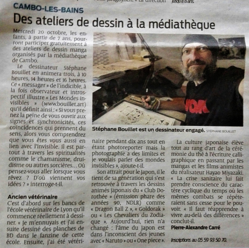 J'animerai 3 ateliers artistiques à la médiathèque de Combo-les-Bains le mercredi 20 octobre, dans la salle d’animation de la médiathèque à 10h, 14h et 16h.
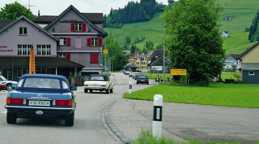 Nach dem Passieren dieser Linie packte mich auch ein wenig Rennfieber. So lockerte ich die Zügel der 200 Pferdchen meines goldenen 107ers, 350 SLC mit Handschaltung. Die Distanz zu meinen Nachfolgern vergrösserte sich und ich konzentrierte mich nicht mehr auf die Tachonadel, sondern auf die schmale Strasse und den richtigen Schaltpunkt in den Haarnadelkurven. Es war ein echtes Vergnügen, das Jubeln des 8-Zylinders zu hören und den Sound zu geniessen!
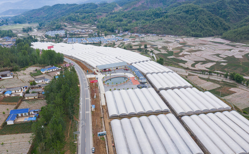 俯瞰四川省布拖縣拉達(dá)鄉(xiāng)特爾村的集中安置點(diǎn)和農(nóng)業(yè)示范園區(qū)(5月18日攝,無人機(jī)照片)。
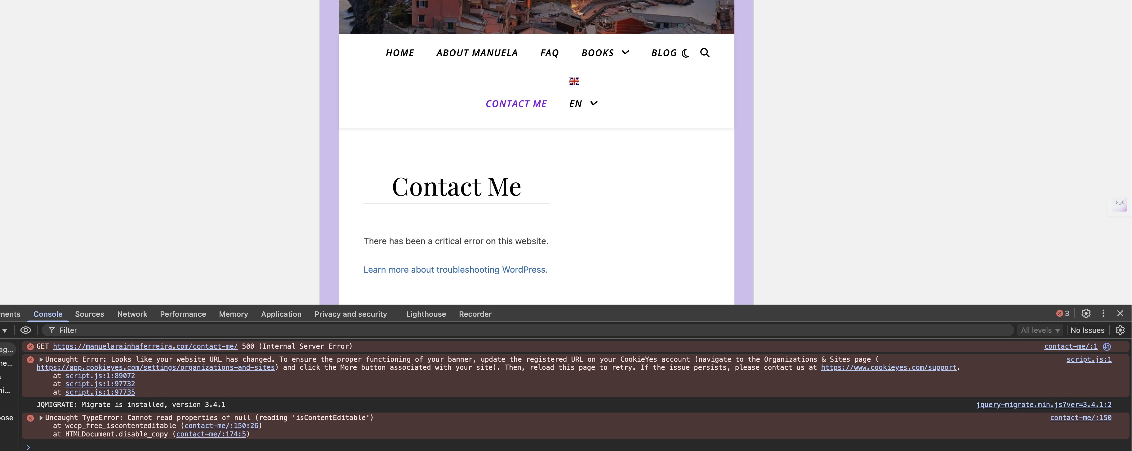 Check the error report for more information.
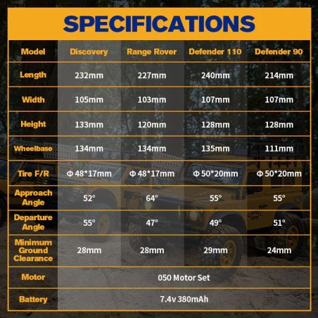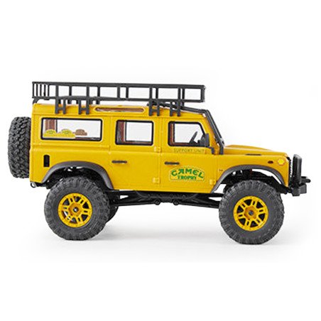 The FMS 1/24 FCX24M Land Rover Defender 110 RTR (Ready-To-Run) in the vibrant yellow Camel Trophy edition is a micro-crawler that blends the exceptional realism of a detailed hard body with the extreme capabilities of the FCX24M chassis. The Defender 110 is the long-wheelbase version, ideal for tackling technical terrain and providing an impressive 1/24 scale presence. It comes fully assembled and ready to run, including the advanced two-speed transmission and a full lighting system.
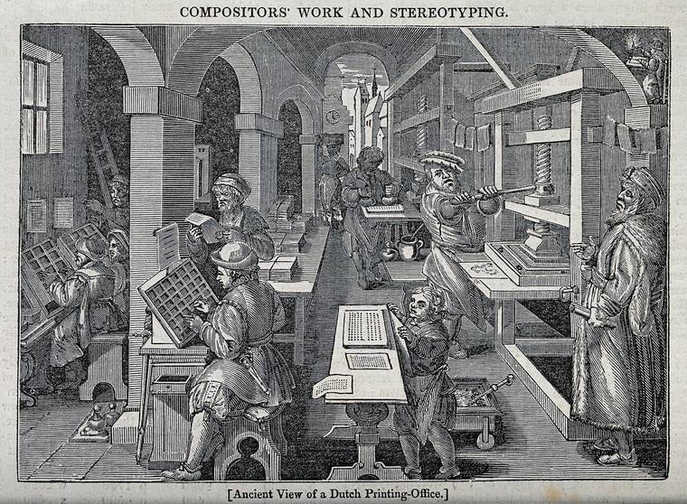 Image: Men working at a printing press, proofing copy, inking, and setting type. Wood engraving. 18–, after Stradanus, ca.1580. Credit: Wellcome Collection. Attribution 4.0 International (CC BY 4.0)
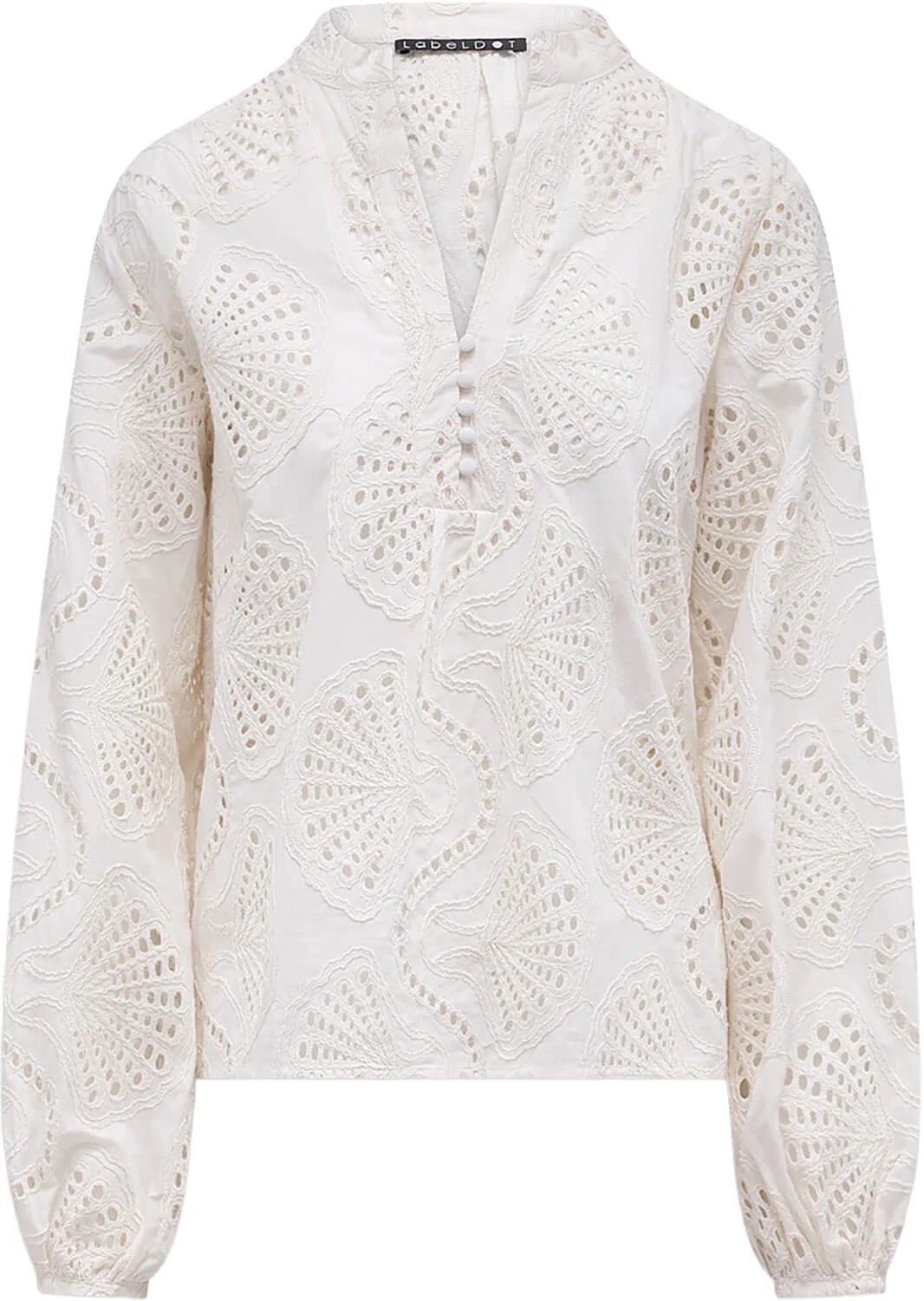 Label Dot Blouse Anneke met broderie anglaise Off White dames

==

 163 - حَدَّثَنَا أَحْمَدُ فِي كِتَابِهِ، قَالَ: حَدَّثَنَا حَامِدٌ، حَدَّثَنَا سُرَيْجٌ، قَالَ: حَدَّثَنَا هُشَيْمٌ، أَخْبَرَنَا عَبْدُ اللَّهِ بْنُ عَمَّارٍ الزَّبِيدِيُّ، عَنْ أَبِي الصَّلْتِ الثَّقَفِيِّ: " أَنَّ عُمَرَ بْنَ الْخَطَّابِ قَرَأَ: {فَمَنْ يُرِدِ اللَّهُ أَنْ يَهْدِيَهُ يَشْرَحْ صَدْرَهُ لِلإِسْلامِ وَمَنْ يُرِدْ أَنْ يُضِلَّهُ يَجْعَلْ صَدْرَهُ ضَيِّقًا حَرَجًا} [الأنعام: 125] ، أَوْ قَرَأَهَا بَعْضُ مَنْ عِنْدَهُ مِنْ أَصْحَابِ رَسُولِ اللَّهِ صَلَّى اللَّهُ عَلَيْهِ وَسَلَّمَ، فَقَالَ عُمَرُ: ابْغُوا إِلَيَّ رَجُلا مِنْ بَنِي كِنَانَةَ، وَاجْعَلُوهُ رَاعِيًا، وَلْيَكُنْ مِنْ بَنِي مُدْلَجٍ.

__YOUR INSTRUCTIONS__: Drop the pictures; return the lines above from the line containing "Image: Men working" to the line containing "Label Dot Blouse", both included, exactly.

__TASK RESPONSE__:
 Image: Men working at a printing press, proofing copy, inking, and setting type. Wood engraving. 18–, after Stradanus, ca.1580. Credit: Wellcome Collection. Attribution 4.0 International (CC BY 4.0)
 Label Dot Blouse Anneke met broderie anglaise Off White dames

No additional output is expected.